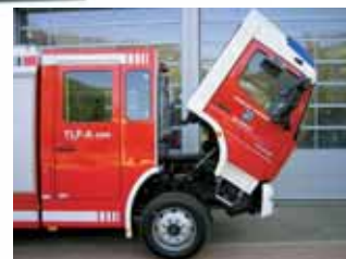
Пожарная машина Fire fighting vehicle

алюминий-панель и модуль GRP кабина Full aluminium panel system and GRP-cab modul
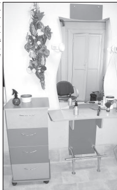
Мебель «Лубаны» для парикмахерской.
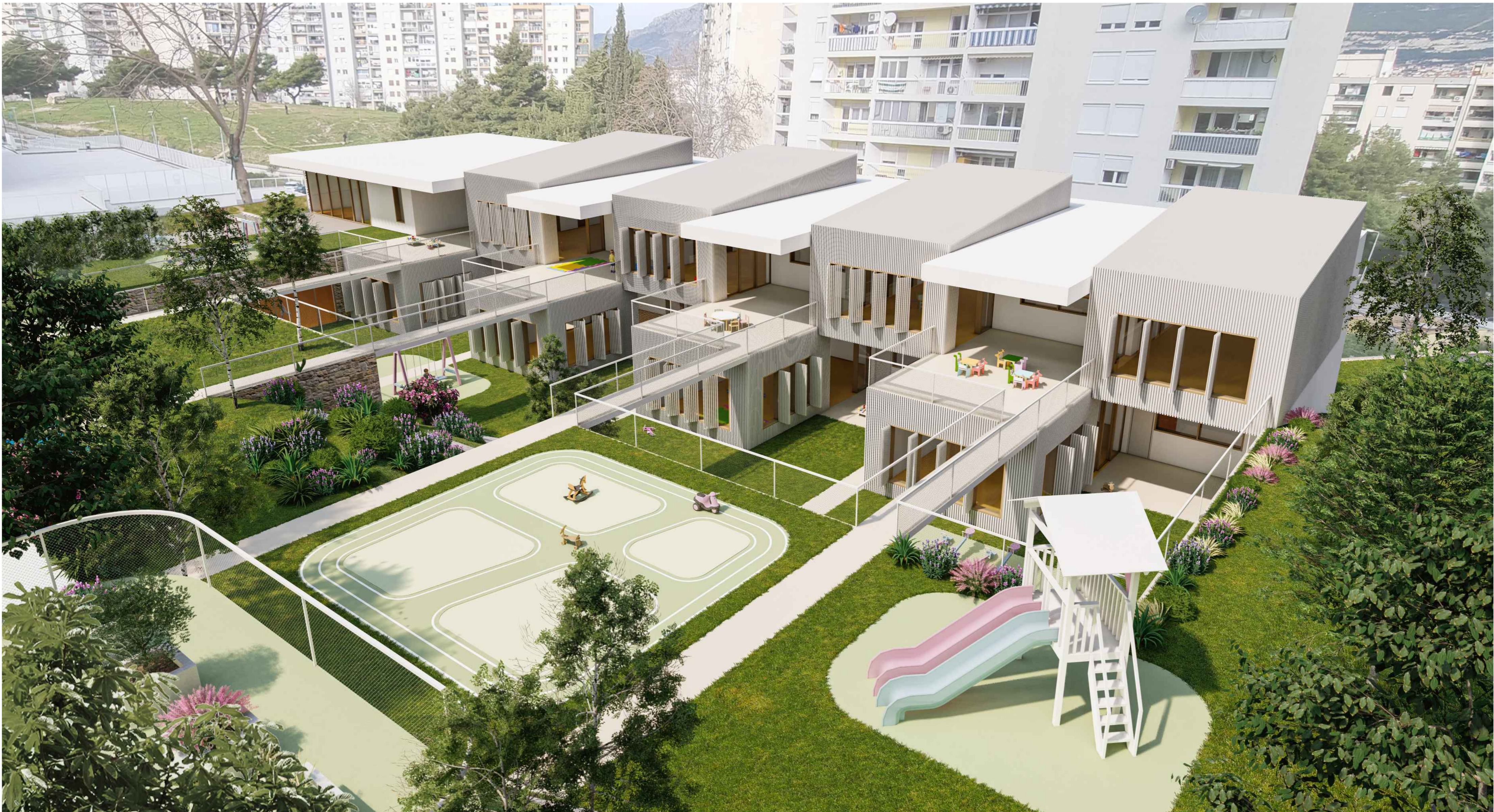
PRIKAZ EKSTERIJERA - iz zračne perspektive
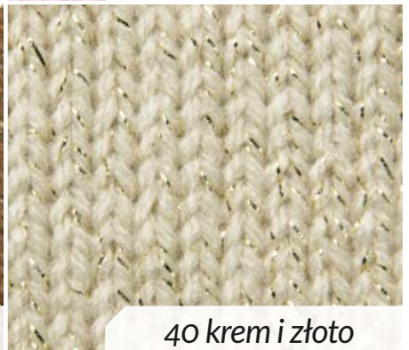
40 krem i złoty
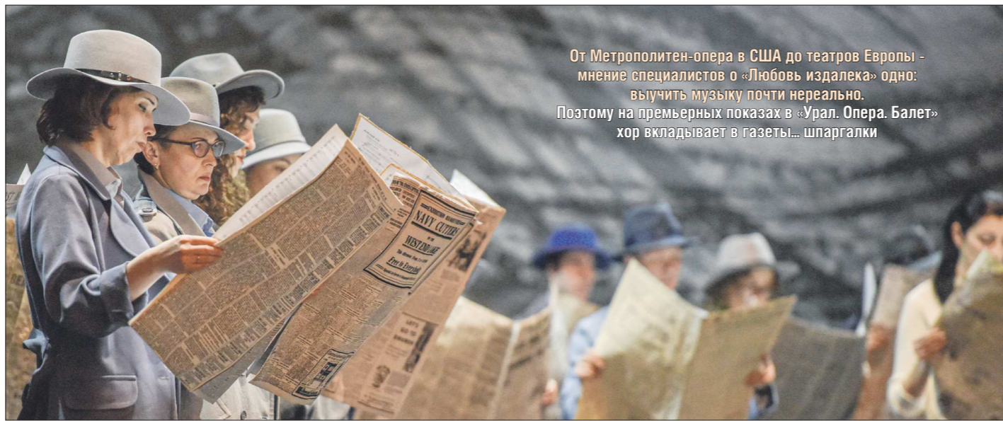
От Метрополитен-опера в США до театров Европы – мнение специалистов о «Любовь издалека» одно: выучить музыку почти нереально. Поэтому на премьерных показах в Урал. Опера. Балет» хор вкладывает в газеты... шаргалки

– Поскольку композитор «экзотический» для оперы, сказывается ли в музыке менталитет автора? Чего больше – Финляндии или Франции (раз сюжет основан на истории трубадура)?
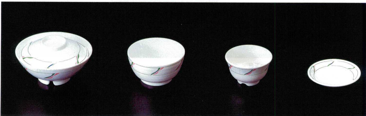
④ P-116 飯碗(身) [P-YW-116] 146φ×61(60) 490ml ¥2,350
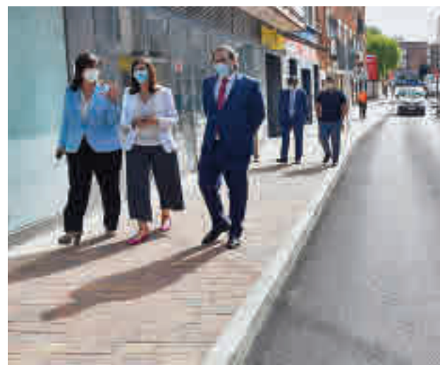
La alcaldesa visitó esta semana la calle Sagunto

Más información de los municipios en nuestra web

» **Task description**
Copy everything in the records above except the pictures, exactly as written.

» **Result of the task**
Пожарная машина Fire fighting vehicle

алюминий-панель и модуль GRP кабина Full aluminium panel system and GRP-cab modul
Мебель «Лубаны» для парикмахерской.
PRIKAZ EKSTERIJERA - iz zračne perspektive
40 krem i złoty
От Метрополитен-опера в США до театров Европы – мнение специалистов о «Любовь издалека» одно: выучить музыку почти нереально. Поэтому на премьерных показах в Урал. Опера. Балет» хор вкладывает в газеты... шаргалки

– Поскольку композитор «экзотический» для оперы, сказывается ли в музыке менталитет автора? Чего больше – Финляндии или Франции (раз сюжет основан на истории трубадура)?
④ P-116 飯碗(身) [P-YW-116] 146φ×61(60) 490ml ¥2,350
La alcaldesa visitó esta semana la calle Sagunto

Más información de los municipios en nuestra web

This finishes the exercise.